Fly.io: The reclaimer of Heroku's magic

(christine.website)

528 points sealeck | 3 comments | 15 May 22 19:56 UTC | HN request time: 0.636s | source

Show context

anon3949494 ◴[15 May 22 21:10 UTC] No.31391163[source]▶

After all the chatter this week, I've come to the conclusion that Heroku froze at the perfect time for my 4 person company. All of these so called "features" are exactly what we don't want or need.

1. Multi-region deployment only work if your database is globally distributed too. However, making your database globally distributed creates a set of new problems, most of which take time away from your core business.

2. File persistence is fine but not typically necessary. S3 works just fine.

It's easy to forget that most companies are a handful of people or just solo devs. At the same time, most money comes from the enterprise, so products that reach sufficient traction tend to shift their focus to serving the needs of these larger clients.

I'm really glad Heroku froze when it did. Markets always demand growth at all costs, and I find it incredibly refreshing that Heroku ended up staying in its lane. IMO it was and remains the best PaaS for indie devs and small teams.

replies(10): >>31391221 #>>31391236 #>>31391460 #>>31391578 #>>31391671 #>>31391717 #>>31391956 #>>31392086 #>>31392734 #>>31393610 #

tomjakubowski ◴[15 May 22 21:16 UTC] No.31391221[source]▶

>>31391163 #

> Multi-region deployment only work if your database is globally distributed too. However, making your database globally distributed creates a set of new problems, most of which take time away from your core business.

Guess what? fly.io offers a turnkey distributed/replicated Postgres for just this reason. You use an HTTP header to route writes to the region hosting your primary.

https://fly.io/docs/getting-started/multi-region-databases/

You do still need to consider the possibility of read replicas being behind the primary when designing your application. If your design considers that from day 1, I think it takes less away from solving your business problems.

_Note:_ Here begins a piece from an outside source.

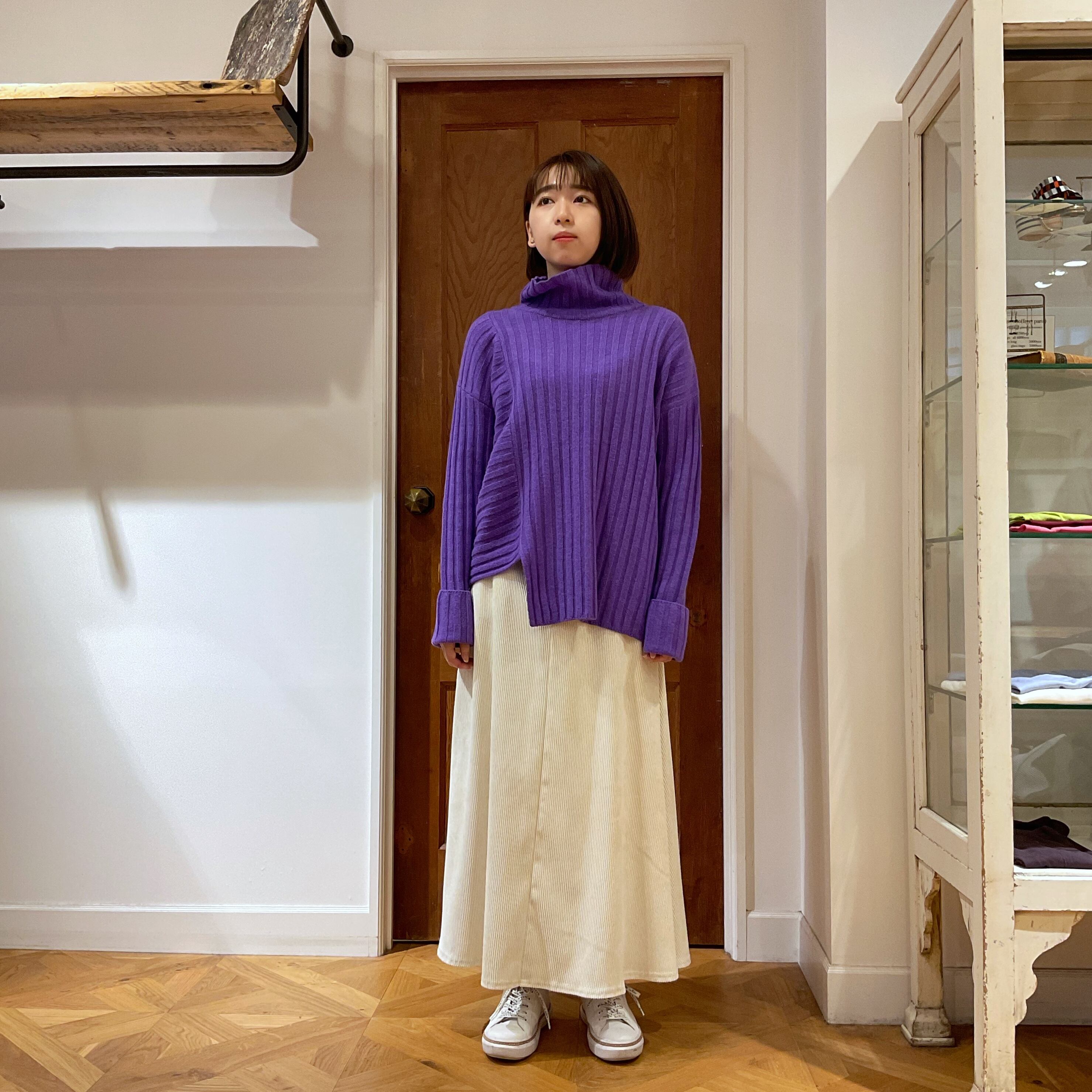 体の線を拾いがちなリブニットも、オーバーサイズだから安心、縦のラインの編地でボディーラインをスッキリ見せます

Alternatively, you can also just ignore all the multi-region stuff and deploy to one place, as if it was old-school Heroku :-)

replies(1): >>31391321 #

nickjj ◴[15 May 22 21:27 UTC] No.31391321[source]▶

>>31391221 #

> Guess what? fly.io offers a turnkey distributed/replicated Postgres for just this reason. You use an HTTP header to route writes to the region hosting your primary.

Doesn't this take away a lot of the benefits of global distribution?

For example if you pay Fly hundreds of dollars a month to distribute your small app in a few datacenters around the globe but your primary DB is in California then everyone from the EU is going to have about 150-200ms round trip latency every time you write to your DB because you can't get around the limitations of the speed of light.

Now we're back to non-distributed latency times every time you want to write to the DB which is quite often in a lot of types of apps. If you want to cache mostly static read-only pages at the CDN level you can do this with a number of services.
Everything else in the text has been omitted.